10 mM MOPS buffer (pH = 7,2)

MOPS buffer with NaCl (pH = 7,2): 10 mM MOPS, 0,85% NaCl

Polymerisation solution (pH = 7,2): 10 mM MOPS, 100 mM CaCl2

Depolymerisation solution (pH = 7,2): 10 mM MOPS, 50 mM Na3-citrate, 0,45% NaCl

0,05% poly-L-lysine (15-30 kDa) in MOPS buffer (pH = 7,3)
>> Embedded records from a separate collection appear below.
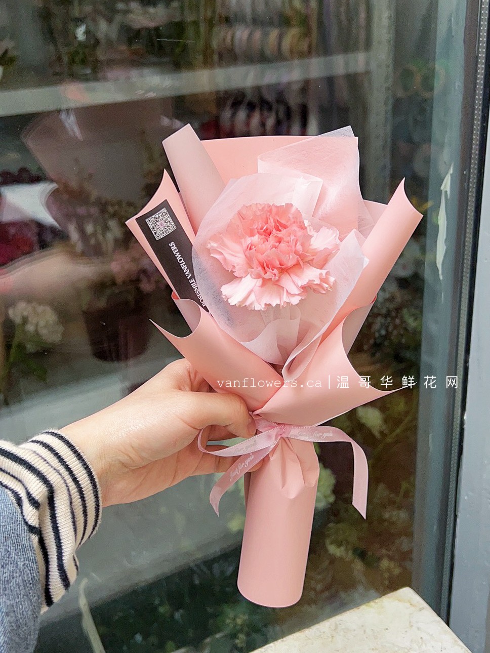 花名:馨语,花材:单枝康乃馨,精包装包装:康乃馨可选色,包装随机协调搭配,附送留言卡片花语:温馨、真挚
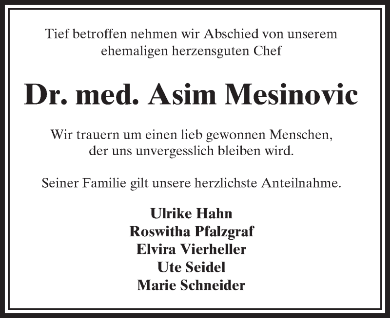 Hier finden Sie alle Traueranzeigen aus der Zeitung, die bisher für Asim Mesinovic erschienen sind. Weitere Traueranzeigen, die in der Zeitung erscheinen, werden hier ebenfalls aufgelistet
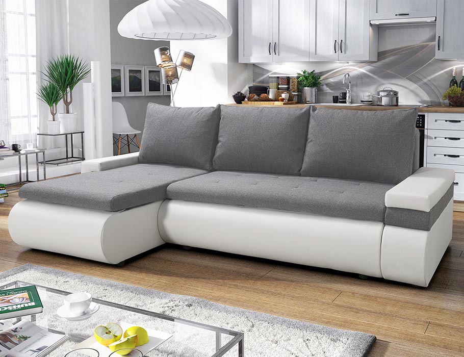Szaro-biały narożnik Manhattan to mebel o klasycznym wzornictwie i przemyślanej formie.
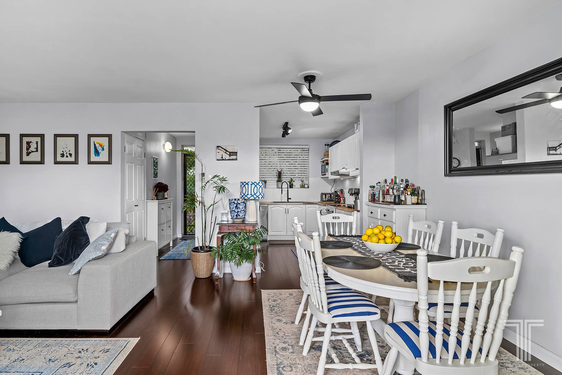 The bright, breezy interiors host a living/dining area with timber floors, air-conditioning, and a lovely leafy vista. The far-reaching views continue on your private balcony, where you can sit, sip, and relax while enjoying the sweeping sights over the treetops and city skyscrapers in the distance.

0,03% alginate in MOPS buffer (pH = 7,2)

1,5% alginate (low viscosity) in MOPS buffer (pH = 7,2)

Protein detection

SDS-PAGE

1. Samples were loaded on a 12% acrylamide gel and ran at a constant voltage (200 V) for 1 h.
2. Proteins were then blotted on a nitrocellulose membrane at a constant current (350 mA) for 1 h.
3. The membrane was washed with MQ and PBS and blocked for 1,5 h by incubation in I-Block blocking reagent at room temperature.

Immunodetection

1. All proteins to be detected had a Myc tag at the C-terminus.
2. The membrane was incubated with primary antibodies (rabbit anti-Myc diluted 1:500) overnight at 4 °C and 150 rpm. Membrane was washed.
3. Washing in wash buffer three times for 5 min each.
4. Membrane was incubated with secondary antibodies (anti-rabbit secondary antibodies, conjugated with HRP, diluted 1:3000) for 45 min at room temperature and 150 rpm.
5. HRP activity was detected by addition of SuperSignal West Femto or Pico Substrate (Thermo Scientific). Images were captured with Syngene G:Box chemiluminescent imaging system.

Buffers and solutions

Wash buffer: 1x PBS, 0,01% (v/v) Tween 20

References

Gibson, D.G., Young, L., Chuang, R., Venter J.C., Hutchison III, C. A. and Smith, H.O. (2009) Enzymatic assembly of DNA molecules up to several hundred kilobases.Nature methods. 6, 343–345.